Все произошло так, как будто творения могут общаться со своим Творцом, только нанося ему раны и разрывая его целостность.

Бог желал этой раны и стремился к ней.

Но люди, которые нанесли ему рану, от этого не менее виновны.

С другой стороны - и это не менее удивительно, - их вина представляет собой рану, которая разрушает целостность каждого виновного.

Таким образом, Бог, израненный виновностью людей, и люди, израненные своей виновностью перед Богом, с трудом обретают единство, которое представляется их целью.

Если бы Бог и люди сохранили целостность, если бы люди не грешили против Бога, с одной стороны, и против людей, с другой, они бы проявили упорство в своей изолированности. Ночь смерти, когда Творец и творения вместе истекали кровью, раздирали друг друга и во всех отношениях были поставлены под сомнение - на последнем пределе стыда, - эта ночь оказалась необходимой для их соединения.

Так “общение”, без которого не было бы ничего, создается преступлением. “Общение” - это любовь, а любовь пачкает тех, кого соединяет» [1, с. 48-49].

И далее: «За пределами моего существа находится прежде всего ничто. Именно мое собственное отсутствие я предчувствую [pressens] в разрыве, в тягостном ощущении недостатка.
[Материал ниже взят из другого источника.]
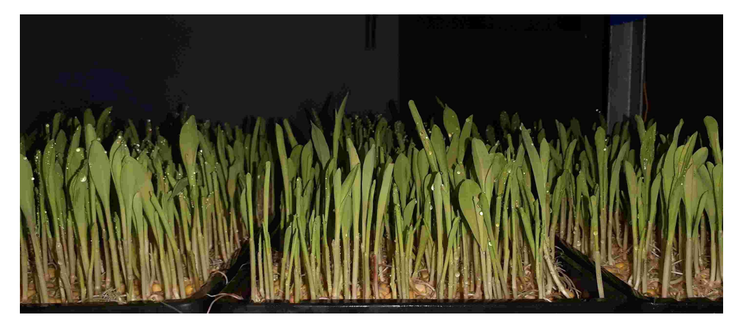
Fig. 4. Green fodder

Total cost of the fabrication was Rs.17030. Total cost of production was Rs. 69 per day. Benefit cost ratio of the equipment was 1.60.

Через это ощущение раскрывается присутствие другого. Но полностью оно раскрывается только тогда, когда другой тоже склоняется над бездной своего ничто, или если он в него падает (умирает). “Общение” возникает между двумя действующими существами - разорванными, подвешенными [над бездной], склонившимися над ничто» [Там же, с. 51].

Другой - это не более чем иллюзия, порожденная моим осознанием конечности своего существа. «Само жертвоприношение и присутствующие при его совершении люди каким-то образом отождествляются с жертвенным животным или человеком. В момент предания смерти они склоняются над собственным ничто. В этот момент они хватают своего бога, соскальзывающего в смерть» [Там же, с. 51-52]. Но если даже Бог на поверку оказывается смертным, т.е. мертвым, на что мне тогда надеяться? Остается только ближний, но «общение» с ним приводит батаевского человека к печальной дилемме. «Я общаюсь только с тем, что вне меня, только выходя за пределы себя или исторгая себя вовне. Но вне меня - меня больше нет. Я вполне уверен: уйти из бытия в себе самом, искать его вовне означает риск погасить - или уничтожить - то, без чего существование внешнего нельзя даже вообразить, погасить или уничтожить Я, без которого ничего “того, что для меня” не было бы вовсе. Существо, испытывающее искушение, оказывается, осмелюсь сказать, раздробленным сдвоенными клещами ничто. Если оно не общается, то исчезает - в пустоте, которую являет собой изолированная жизнь. Если оно желает общаться, то тоже рискует потерять себя» [Там же, с. 55].

В этом суть любой подлинно философской проблемы, которую можно отличить по единственному характерному маркеру - безысходности. «Делай что хочешь», - ответил Сократ юноше, обратившемуся к нему с вопросом, жениться ли ему или не жениться. - «Делай что хочешь, - все равно раскаешься» [3, с. 114]. Женитьба не позволит юноше сохранить себя, она приведет лишь к растворению его жизни в экзистировании другого. Отказ от женитьбы также не поможет делу, поскольку приведет человека к растворению в одиночестве.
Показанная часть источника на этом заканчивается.